The execute function in user-defined code for every Agent type can return None to skip execution. This can be useful for conditional execution based on the state of the system or the data being processed.

Watch for files locally and run Flow

In the user-defined function for Agents executing Flows, the get_param_mapping function is run whenever a file is added or modified in the directory that the Agent is watching. The execute function is run whenever all files are observed.
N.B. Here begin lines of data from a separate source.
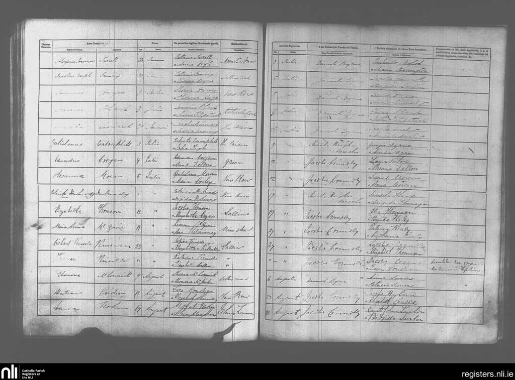 Naas; County of Kildare; Diocese of Kildare and Leighlin. Baptisms, July 1870 to Aug. 1870
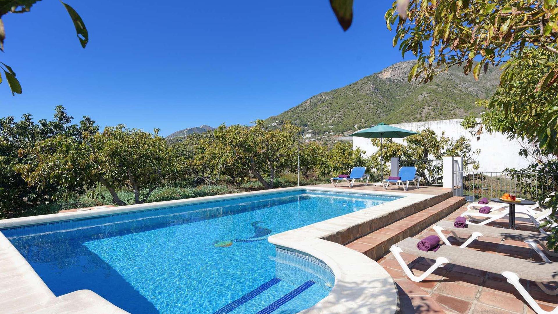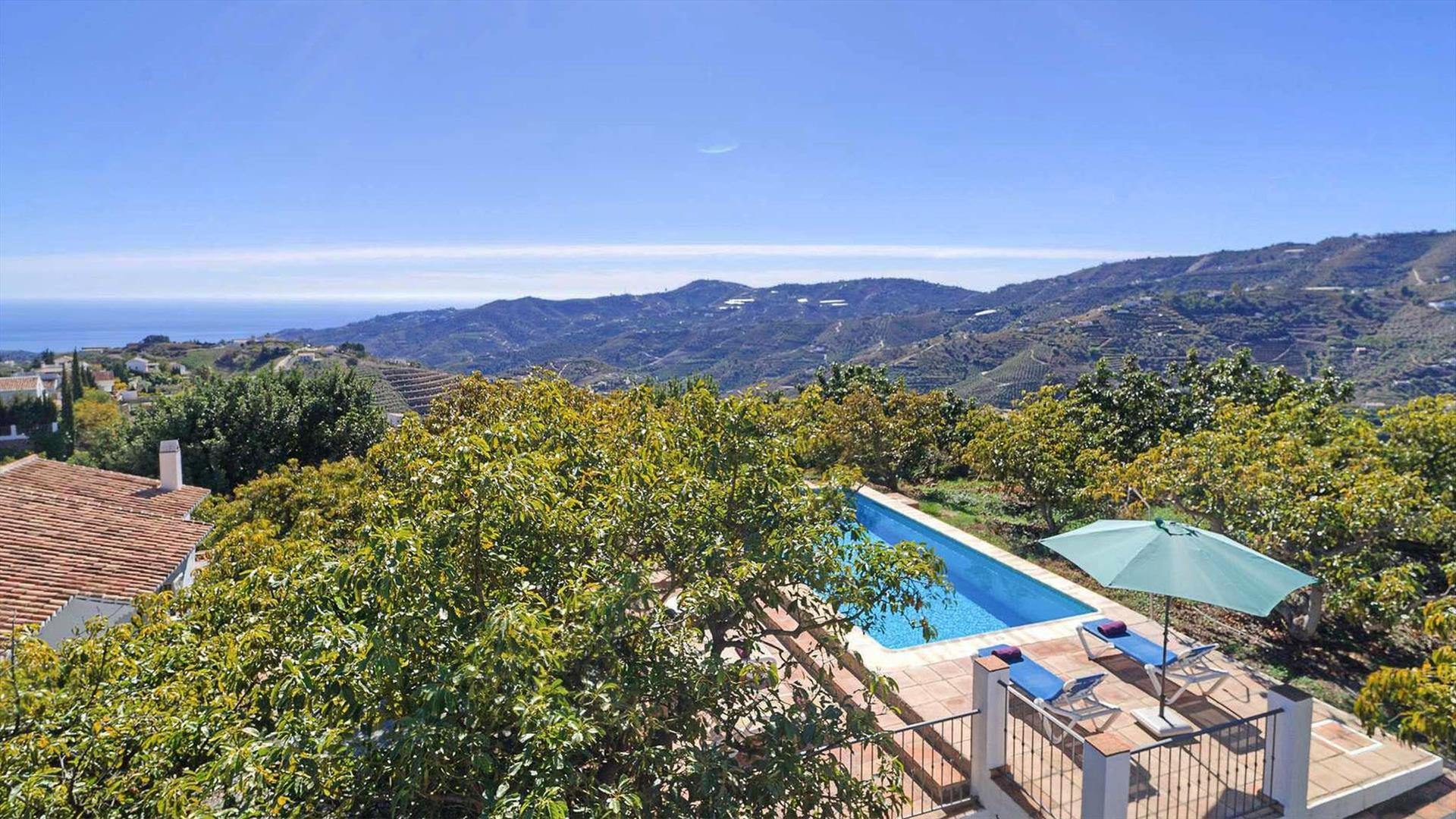 Diese komfortable und idyllisch im andalusischen Hinterland gelege Villa ist geräumig, luftig und bietet von ihrer Frontterrasse aus eine spektakuläre Aussicht. Der Ort Frigiliana ist in 15 Minuten Fußweg zu erreichen. Ein gutes Restaurant liegt nur 5 Minuten entfernt. Hinter dem Haus befindet sich auf einer höher gelegenen Ebene ein privater Swimmingpool samt Sonnenterrasse. Die Unterkunft ist sehr geschmackvoll eingerichtet und durchweg gut ausgestattet.
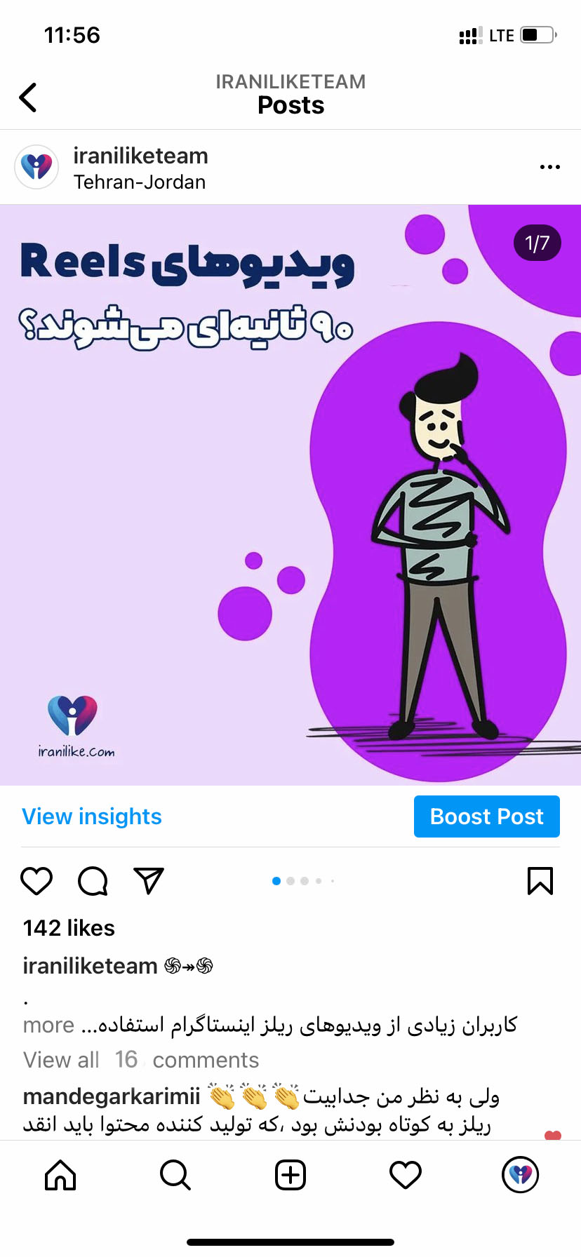 شما می توانید متناسب با نیاز خود کامنت های ایرانی سفارشی با متن دلخواه خود را تایپ و تعیین نمایید تا بعد از ثبت سفارش توسط تیم حرفه ای ایرانی لایک توسط کاربران واقعی و فعال اینستاگرام برای پست مورد نظر ارسال شود.
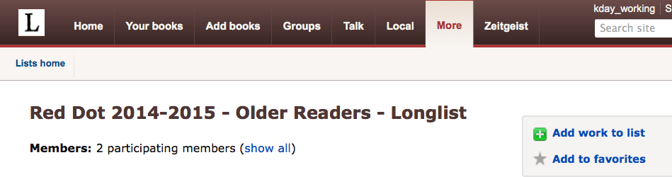 Younger Readers: http://www.librarything.com/list/9662/all/Red-Dot-2014-Younger-Readers-Longlist
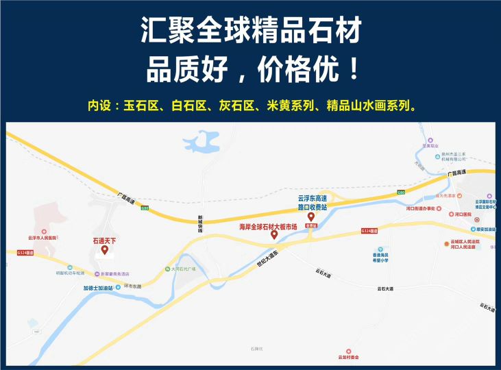 海岸精品石材選材中心屬于海岸石業(yè),中心總面積達(dá)50000平方米,位于連接珠三角和內(nèi)陸地區(qū)、大西南區(qū)域的咽喉樞紐。
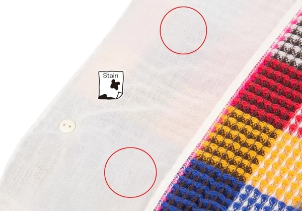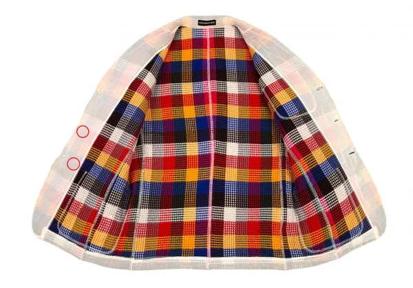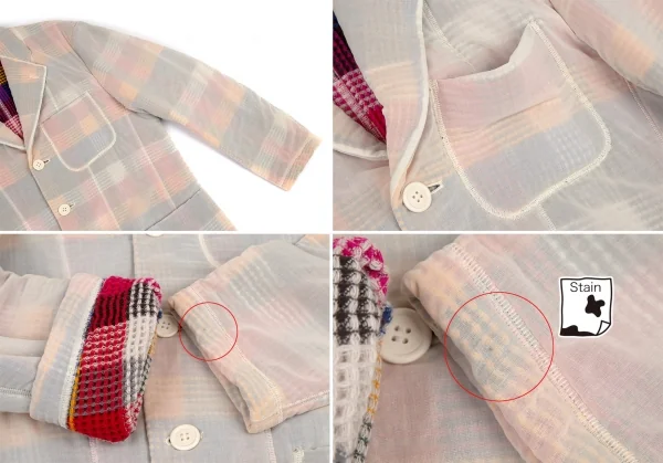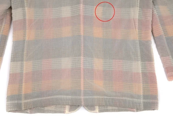 2001S/S コレクション着用アイテムです。左袖先・開き裏側・背中に点シミ、前左ポケット縁にほつれがあります(画像参照)。その他目立ったシミ、汚れ、ほつれ等ありません。クリーニング済み

The get_param_mapping function is used to specify the parameters to be passed to the Flow, and the execute function specifies the input files and parameters to the Flow that is executed.

Below is a skeleton example for the user-defined code with associated types:

from collections.abc import Callable

def fp(watch_dir: str, parent_dir: str, pattern: str) -> Callable[[str], bool]:
    """
    This function returns a function that performs pattern matching against a file path.
    Use this function as a template for creating your own pattern matching functions, which
    you can then use in the values of the return object in the get_param_mapping function.

    Returns
    -------
    Callable[[str], bool]
        Function that takes a file as input and returns True if the file matches the pattern.
    """
    pass

def get_param_mapping(
    watch_dir: str,
    parent_dir: str = "",
    file_name: str = "",
    modified_time: str = "",
    body: bytes = bytes(),
) -> dict[str, Callable[[str], bool]]:
    """
    This function is called when a file is added or modified in the watch directory.
    Modify this function to capture the files you want to trigger the flow;
    the function should return a dictionary where the keys are <node name>.<param name>
    and values are functions for performing pattern matching against the target file.

    For nodes that accept multiple inputs, specify a list of functions to match against;
    each specified function should uniquely match 1 file.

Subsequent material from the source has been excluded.